Plusieurs initiatives et rapports récents font ressortir la nécessité de la coopération et de la communication entre les organismes qui s’occupent de la prostitution chez les jeunes. Dans son rapport, le Working Group on Juvenile Prostitution (Manitoba Child and Youth Secretariat, 1996) a recommandé que le ministère des Services à la famille favorise le réseautage et la coordination entre les organismes de Winnipeg qui offrent des services importants aux jeunes prostitués et aux jeunes de la rue. En 1996, le gouvernement de la Colombie-Britannique a lancé un plan d’action provincial sur la prostitution qui encourageait les policiers, les fournisseurs de services, les parents, les jeunes et les collectivités à conjuguer leurs efforts afin d’élaborer des initiatives ciblant les souteneurs et les clients, la violence envers les prostitués ainsi que les questions relatives à la sécurité et à la nuisance dans les quartiers. En outre, Sas et Hurley (1997, p. 185) ont recommandé un protocole d’enquête interorganismes encadrant la lutte contre l’exploitation sexuelle des enfants, qui s’appliquent à des organismes importants comme la Société daide à lenfance, la police, le bureau des procureurs de la Couronne, les conseils scolaires locaux et l’unité de services de santé. Les auteurs ont également recommandé l’élaboration d’une stratégie nationale pour lutter contre la violence sexuelle à l’endroit des enfants.

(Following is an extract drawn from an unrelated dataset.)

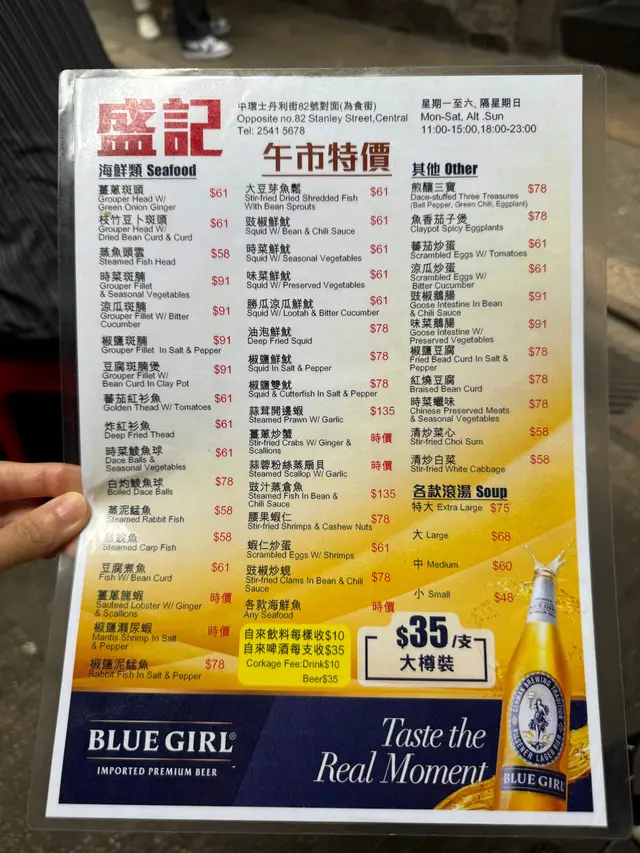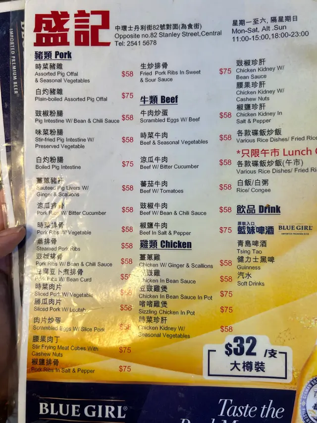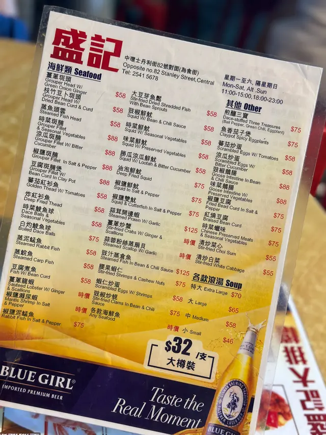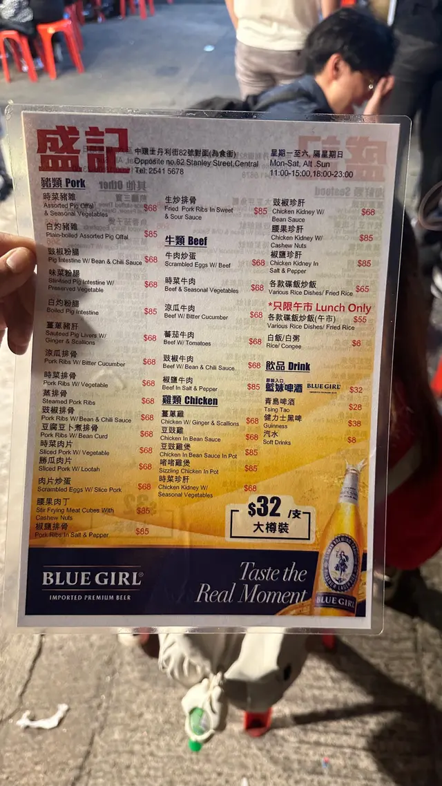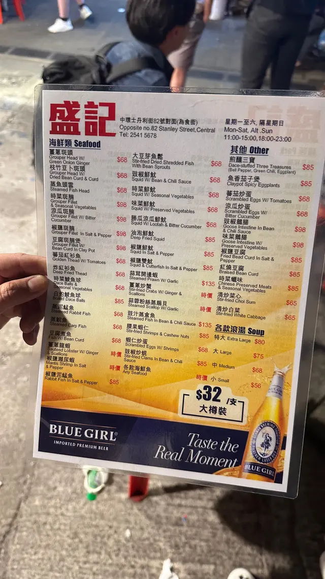 今日來到位於中環士丹利街嘅盛記大排檔食晚餐漆黑街道之中煙霧離漫,小小嘅大排檔卻充分體現出香港嘅特色,由於顧客不少,想光顧都要排隊稍等。用餐位置正正位於大街中心,同區同類型飲食店其實唔多,光顧嘅人除咗上班族就係遊客。店家嘅特別推介,基本上都係海鮮。其他菜式嘅menu給大家參閱。首先介紹嘅係佢哋嘅推介菜式,生炒排骨,$75即炒即上枱,望上眼幾分精緻,食落甜酸到位,肉質爽口。第二道椒鹽鮮魷,$75相比起其他點家嘅脆口鮮魷,呢度係用蒸嘅方法,健康之餘係鮮味嘅另一種表現,鮮魷爽而不韌。魚香茄子煲,$75熱辣辣上枱,魚香味芳香,茄子比較霖喎濕身。自費加白飯一碗,襯餸必備查看更多
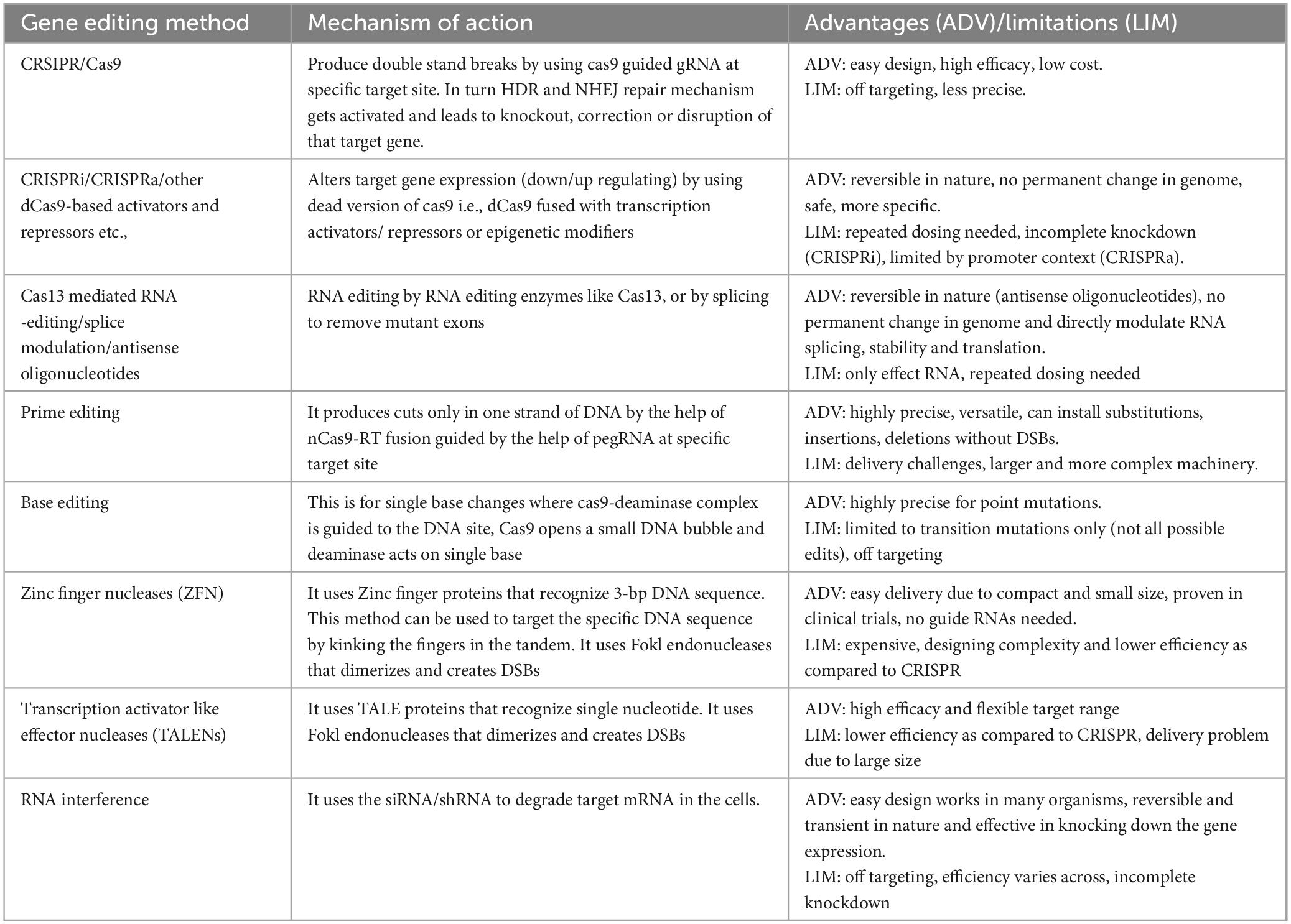 A complicated structure with several domains, the Cas9 protein is divided into two separate sections referred to as the recognition (REC) lobe and the nuclease (NUC) lobe. A bridge helix (BH) with an elevated level of arginine residues connects these two lobes (Nishimasu et al., 2014). In order to allow the Cas9 protein to attach to the target DNA, the NUC lobe of Cas9 has a PAM-interacting domain in addition to two endonuclease domains, HNH and RuvC. Each of these two domains cuts a single strand of DNA, producing double-stranded DNA. Furthermore, SpCas9’s REC lobe is made up of many recognition domains (REC1-REC3) that let SpCas9 connect to DNA and RNA. Cas9 can function as a modifiable instrument to generate chromosomal double-strand cleavages in vitro and in vivo due to its strong and dependable activity (Jinek et al., 2014). As a result, CRISPR/Cas9 has evolved into a straightforward and adaptable RNA-guided genomic modification platform that can be implemented across diverse organisms and cellular populations, encompassing pigs, mice, rats, zebrafish, bacteria and human cells for the treatment of diseases (Hsu et al., 2014). Table 1 shows the comparison of different gene editing and gene regulation technologies, highlighting their respective advantages and limitations, but among these, the CRISPR/Cas9 has been widely adopted due to its ease in designing, cost-effectiveness and high efficacy. The foremost application of CRISPR/Cas9 in therapeutic applications occurred in 2016. Patients with advanced lung cancer were treated by a Chinese team using cells that had been altered using CRISPR/Cas9 (Cyranoski, 2016). Many clinical trials have been carried out in recent years, and a number of the results have been reported in published literature. These results include the application of CRISPR/Cas9-linked therapies for diseases like β-thalassemia, sickle cell disease (SCD), acquired immunodeficiency syndrome (AIDS), and various malignancies (Cyranoski, 2016; Frangoul et al., 2021; Xu et al., 2019).

3.6 Thèmes communs sous-tendant les interventions contre la prostitution chez le jeunes

L’examen des divers rapports, initiatives et recommandations met en lumière l’inquiétude grandissante que suscitent la victimisation et l’exploitation des jeunes qui se livrent à la prostitution. Dans plusieurs provinces et territoires canadiens, on a tenté d’assimiler la prostitution des jeunes à une forme d’exploitation sexuelle des enfants et de violence sexuelle à leur endroit (par exemple, voir les recommandations du Prostitution Policy, Service and Research Committee for the Calgary Community, 1996; Manitoba Child and Youth Secretariat, 1996). De nouveaux programmes et stratégies ont aussi vu le jour afin de protéger les jeunes qui se livrent à la prostitution et sont victimes d’exploitation sexuelle (Colombie-Britannique, 1994, 1996 et 1997). Ailleurs, on a recommandé de modifier les dispositions législatives régissant la protection de lenfance pour considérer l’exploitation sexuelle des jeunes comme de la violence faite aux enfants (recommandations du Prostitution Policy, Service and Research Committee for the Calgary Community, 1996; Manitoba Child and Youth Secretariat, 1996). Ces mesures contrastent avec les efforts précédents qui appuyaient l’imposition de sanctions criminelles aux jeunes qui se livraient à la prostitution pour les protéger (par exemple, voir Badgley, 1984).

Les tentatives visant à tenir les proxénètes des jeunes responsables de leurs actes sont un corollaire des efforts déployés récemment pour protéger les jeunes prostitués. En 1996, le Manitoba Child and Youth Secretariat a suggéré que les entremetteurs des jeunes prostitués reconnus coupables figurent dans un registre des personnes condamnées pour violence envers les enfants, et il a présenté un projet de loi permettant de saisir les véhicules utilisés pour commettre des infractions liées à la prostitution (communiqué de presse du gouvernement du Manitoba, 1998). En outre, diverses initiatives ont été entreprises en vue de mettre au point des mécanismes servant à appliquer le paragraphe 212(4) du Code criminel et à cibler les proxénètes (par exemple, voir la Colombie-Britannique, 1996 et 1997).


[2] Pour une critique du Rapport Fraser, voir Kanter (1985), Lowman et coll. (1986) et O’Connor (1988).